* Directions for this task *
Please copy the records exactly as they appear, with all pictures left out.
** The data follows **
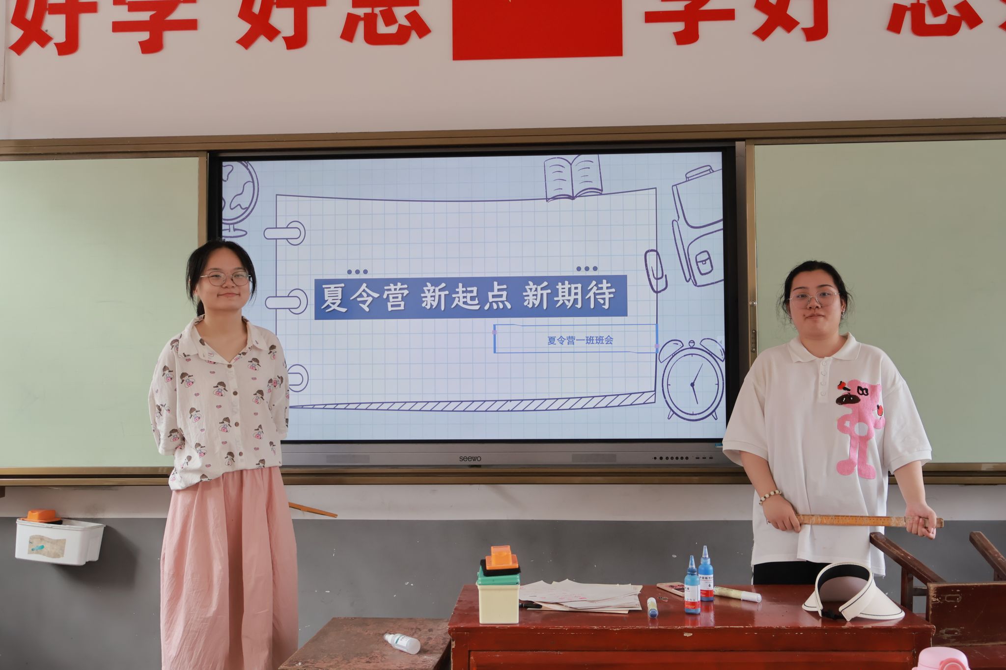 班主任聂颉矞和副班主任刘雅凯在主持会议
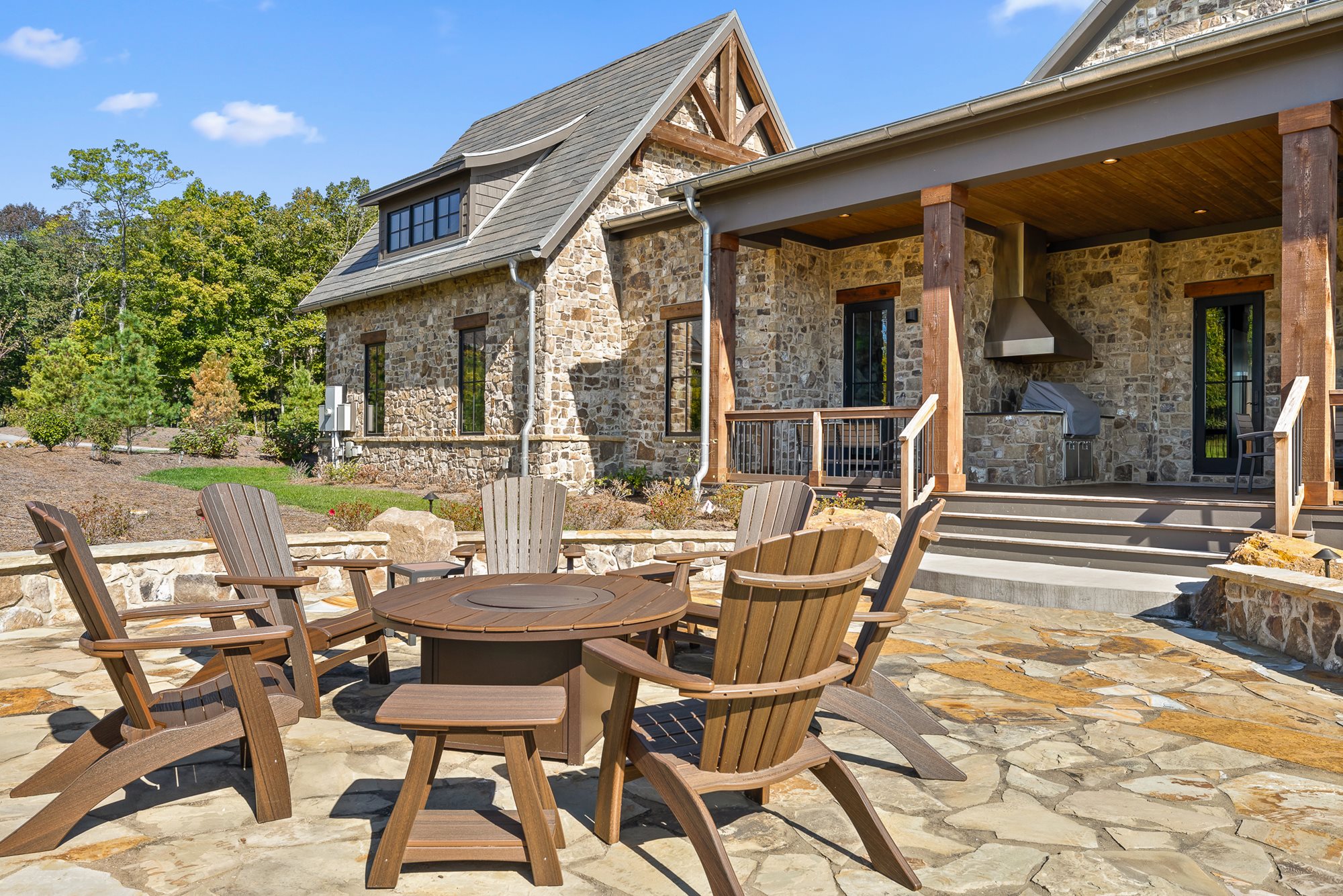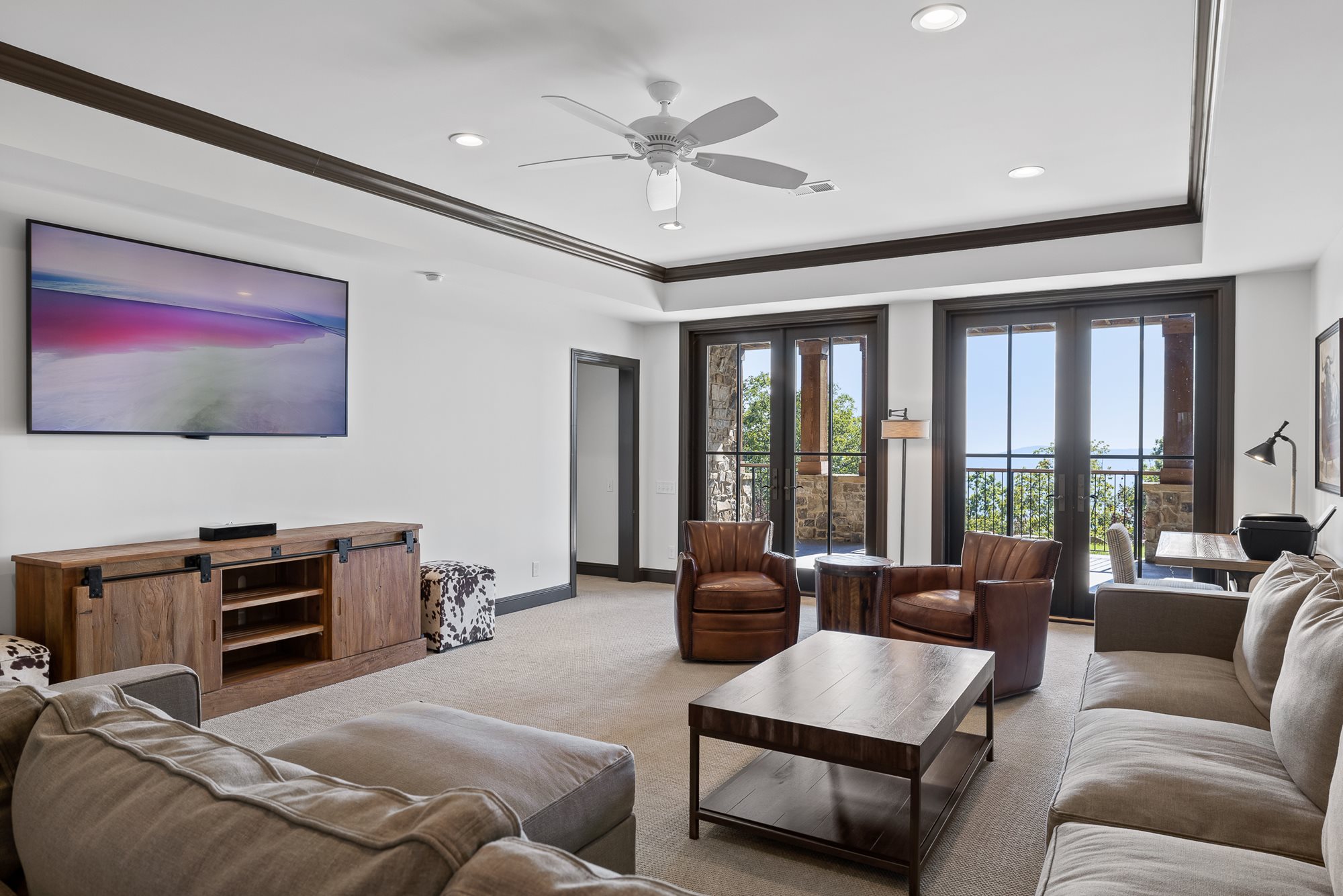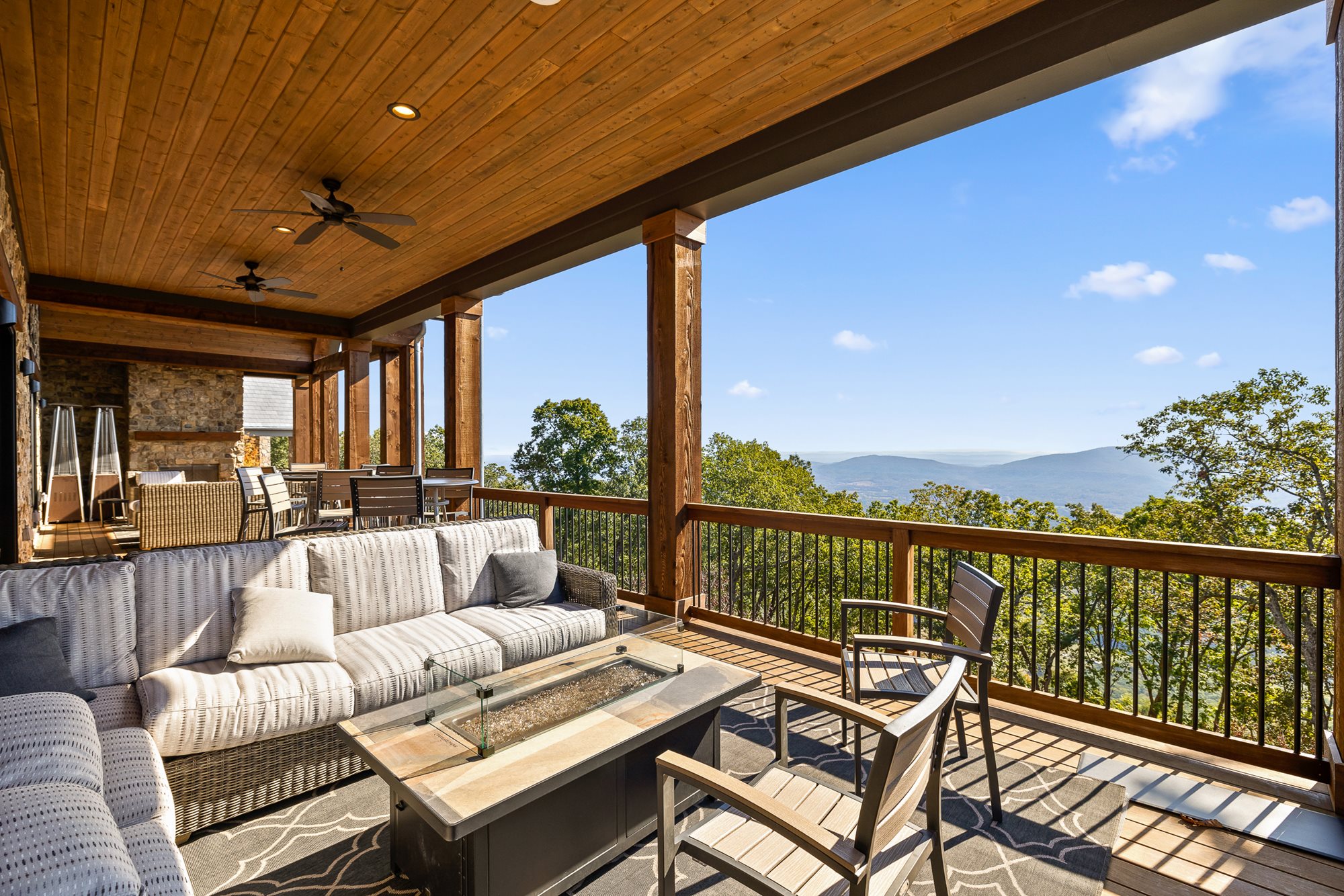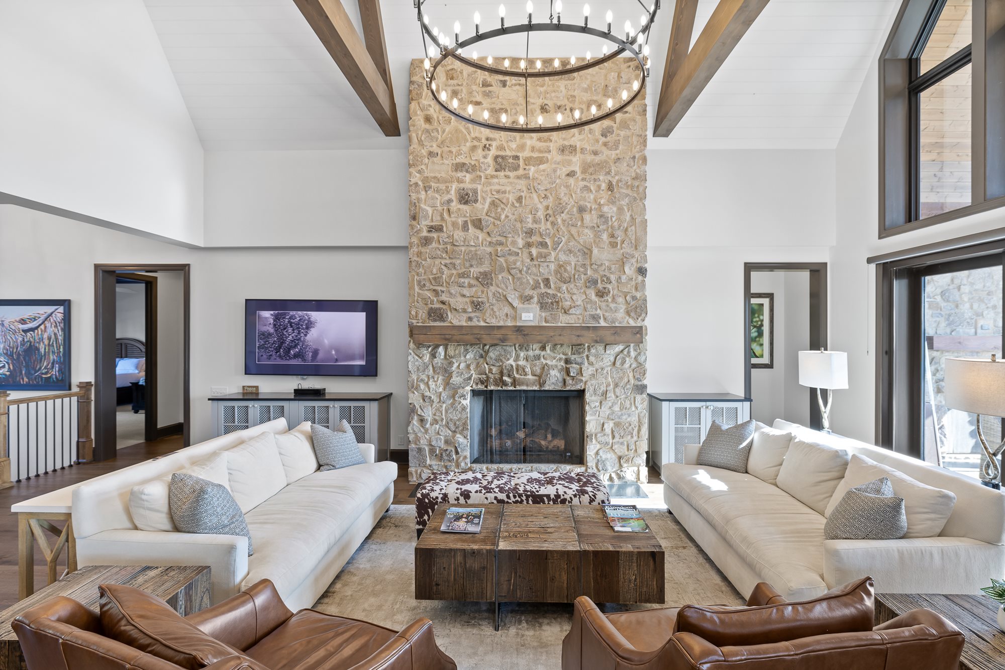 The primary bedroom is located on the main level of the home with additional bedrooms on both levels. Both floors feature comfortable seating, large TVs, and an outdoor covered patio connecting to the serene outdoor fire pit.
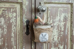 Crafted from rustic burlap and adorned with a whimsical bunny, carrot accent, and dangling eggs, it's the perfect prim touch for your seasonal display. Nestle it in a bowl of decorative grass or perch it on a shelf for instant farmhouse charm. A delightful addition to any Easter vignette.
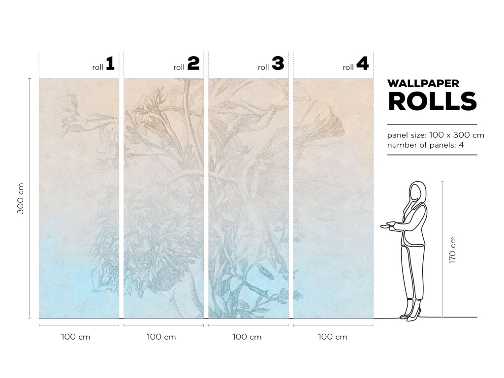 Tapeta je připravena na tupý spoj. Aplikace je rychlá, jednoduchá, s lepidlem na tapety, lepidlo se nanáší pouze na zeď. Lepidlo není součástí balení.
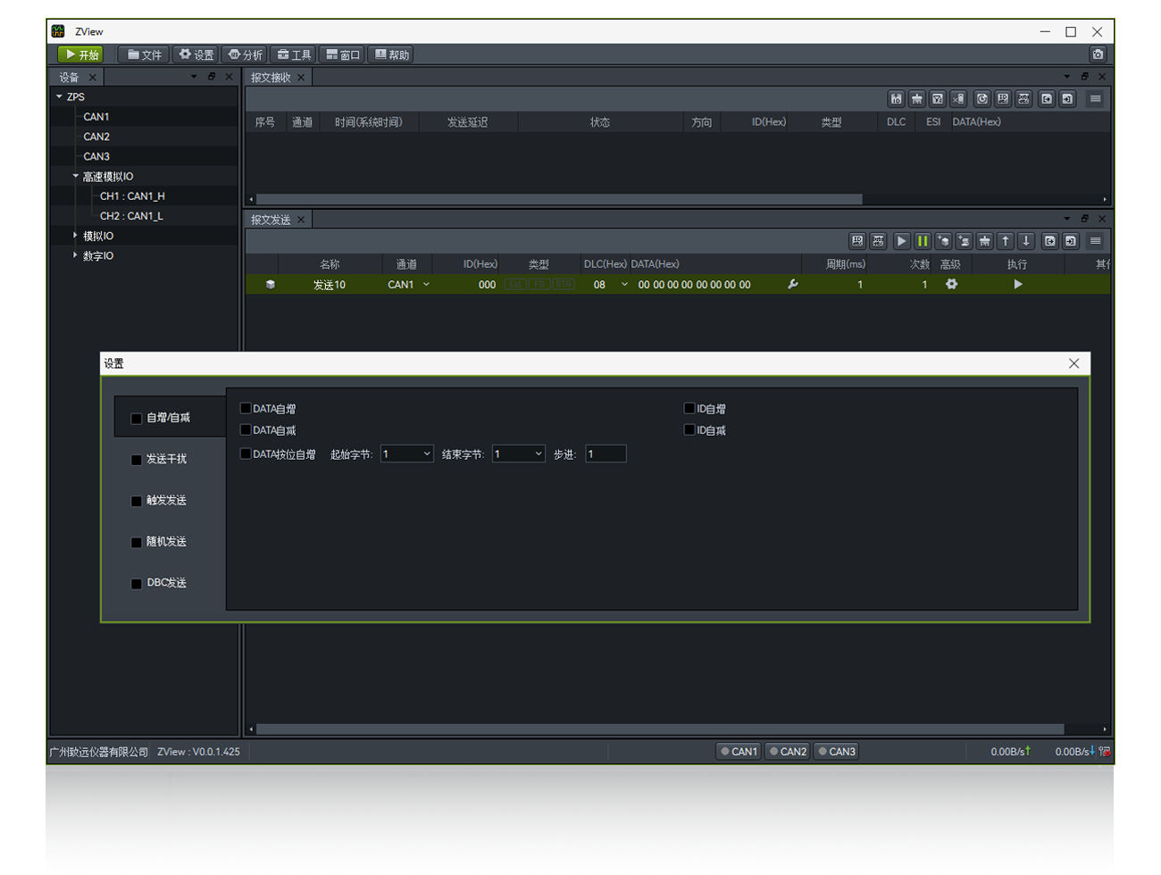 支持立即、周期和條件發送功能,可便捷地構建總線通信測試任務
** End of The data **
* Your solution *
 班主任聂颉矞和副班主任刘雅凯在主持会议
 The primary bedroom is located on the main level of the home with additional bedrooms on both levels. Both floors feature comfortable seating, large TVs, and an outdoor covered patio connecting to the serene outdoor fire pit.
 Crafted from rustic burlap and adorned with a whimsical bunny, carrot accent, and dangling eggs, it's the perfect prim touch for your seasonal display. Nestle it in a bowl of decorative grass or perch it on a shelf for instant farmhouse charm. A delightful addition to any Easter vignette.
 Tapeta je připravena na tupý spoj. Aplikace je rychlá, jednoduchá, s lepidlem na tapety, lepidlo se nanáší pouze na zeď. Lepidlo není součástí balení.
 支持立即、周期和條件發送功能,可便捷地構建總線通信測試任務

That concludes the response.